Aplikasinya Diblokir di Indonesia, Pendiri Telegram Datangi Kemenkominfo

Pemblokiran dilakukan dengan alasan Telegram dijadikan alat komunikasi, penyebaran paham radikal, dan terorisme.

Aplikasinya Diblokir di Indonesia, Pendiri Telegram Datangi Kemenkominfo
Techcrunch
Founder Telegram Pavel Durov 

TRIBUNJABAR.CO.ID, JAKARTA - Pendiri sekaligus CEO Telegram, Pavel Durov, mendatangi Kementerian Komunikasi dan Informatika (Kemenkominfo) Indonesia.

Ia menemui Menkominfo Rudiantara, Selasa (1/8/2017) siang ini.

“Betul, nanti jam 13.30 (Pavel Durov) berkunjung untuk menemui Menkominfo. Tapi tidak ada konferensi pers khusus,” kata Juru Bicara Kemenkominfo Noor Iza saat dikonfirmasi melalui layanan pesan instan.

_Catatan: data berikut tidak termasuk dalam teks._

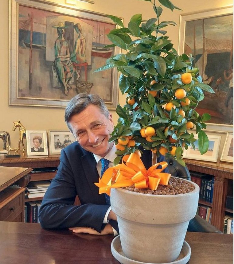 Obožavam drvo limuna, ali je moj prostor previše topao za njega, pa je kompromis ova opcija koju su mi poklonili - drvo mandarine - napisao je Pahor ispod fotografije poklona koju je podelio sa svojim pratiocima na društvenim mrežama.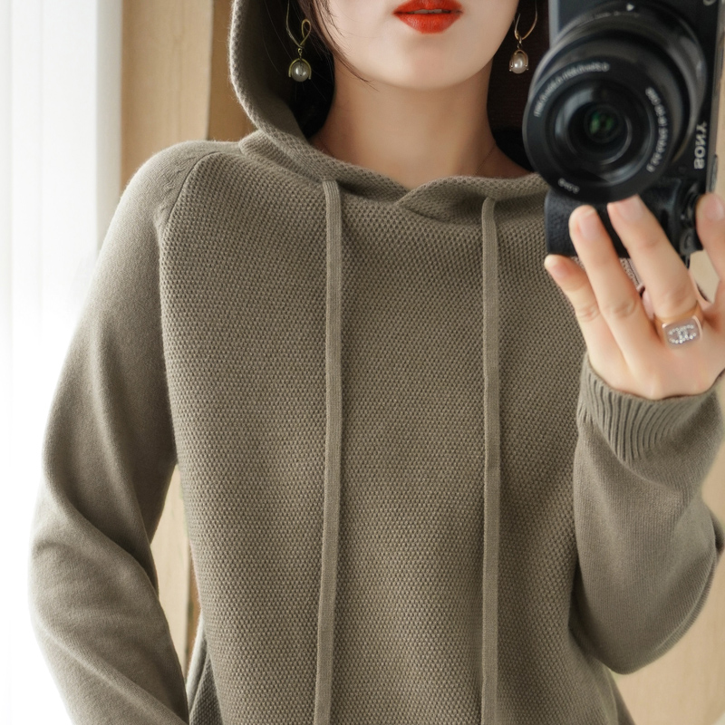 秋冬新款连帽套头长袖毛衣女宽松休闲加厚打底针织衫保暖卫衣帽衫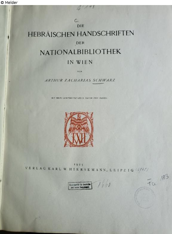 Die hebräischen Handschriften der Nationalbibliothek in Wien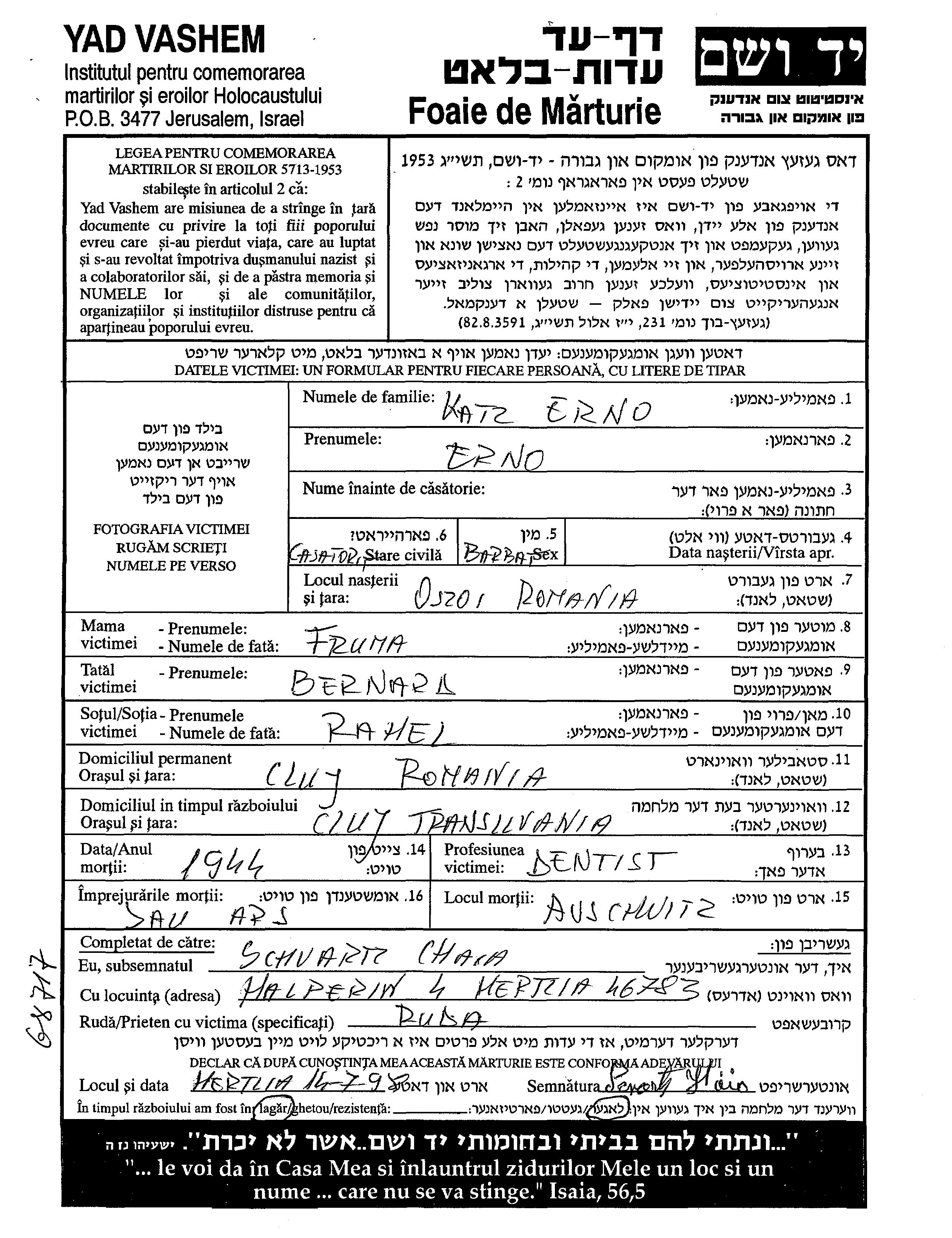 Erno Katz was born in Oszoi, Romania to Bernard and Fruma. He was a dentist and married to Rahel. Prior to WWII he lived in Cluj, Romania. During the war he was in Cluj, Romania.
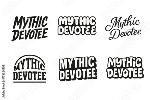 Mythic Lettering Variations. Mythic Devotee. Set lettering. harmonious lettering variations of the same emblematic concept (Grunge textured brush lettering,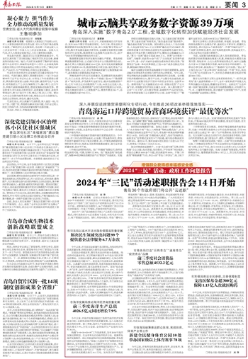 构建“1+8+10+20+N”工作推进体系,发布2035年海洋发展远景规划。在全省率先启动海洋经济立法。组建青岛海洋发展集团。崂山实验室科研攻关取得积极进展,青岛蓝色种业研究院挂牌成立,“深海三大国家平台”签署部省市共建协议,全市涉海省部级以上创新平台达到143家。明确“4+2+4”产业发展方向,因地制宜培育海洋新质生产力。亚洲首艘圆筒型海上油气加工厂“海葵一号”正式交付。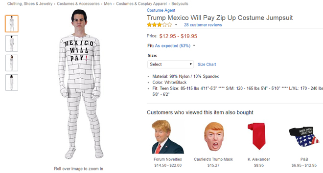 La prenda confeccionada por la firma Costume Agent se comercializa a través de Amazon, por lo que Jeronimo Saldaña inició una petición para solicitar que la compañía de e-commerce deje de venderlo a través de su plataforma.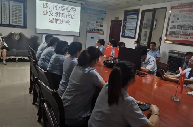 (图为:四川心连心物业服务公司传达创文工作会议)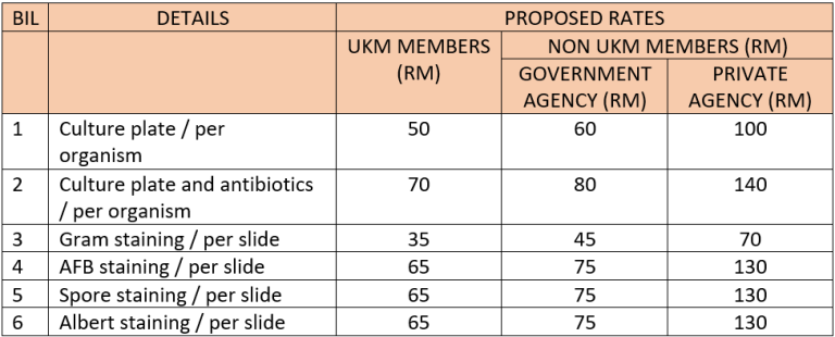 Our department offer sales services for culture plates and staining slides for teaching purposes, covering various types of bacteria and fungi, to customers from UKM, government agencies, and private organisations.

Pertemuan tersebut rencananya akan berlangsung tertutup. Belum ada kejelasan mengenai topik apa saja yang akan dibahas oleh Pavel Durov saat menemui Rudiantara.

Bisa dipastikan, salah satunya mengenai pemblokiran Telegram yang baru-baru ini dilakukan oleh Kemenkominfo bersama Badan Nasional Penanggulangan Terorisme (BNPT).


Pada Jumat (14/7/2017), pemerintah mengumumkan memblokir akses menuju aplikasi web Telegram.

Pemblokiran dilakukan dengan alasan Telegram dijadikan alat komunikasi, penyebaran paham radikal, dan terorisme.

Pemerintah hanya melakukan pemblokiran pada jalur akses menuju aplikasi web Telegram.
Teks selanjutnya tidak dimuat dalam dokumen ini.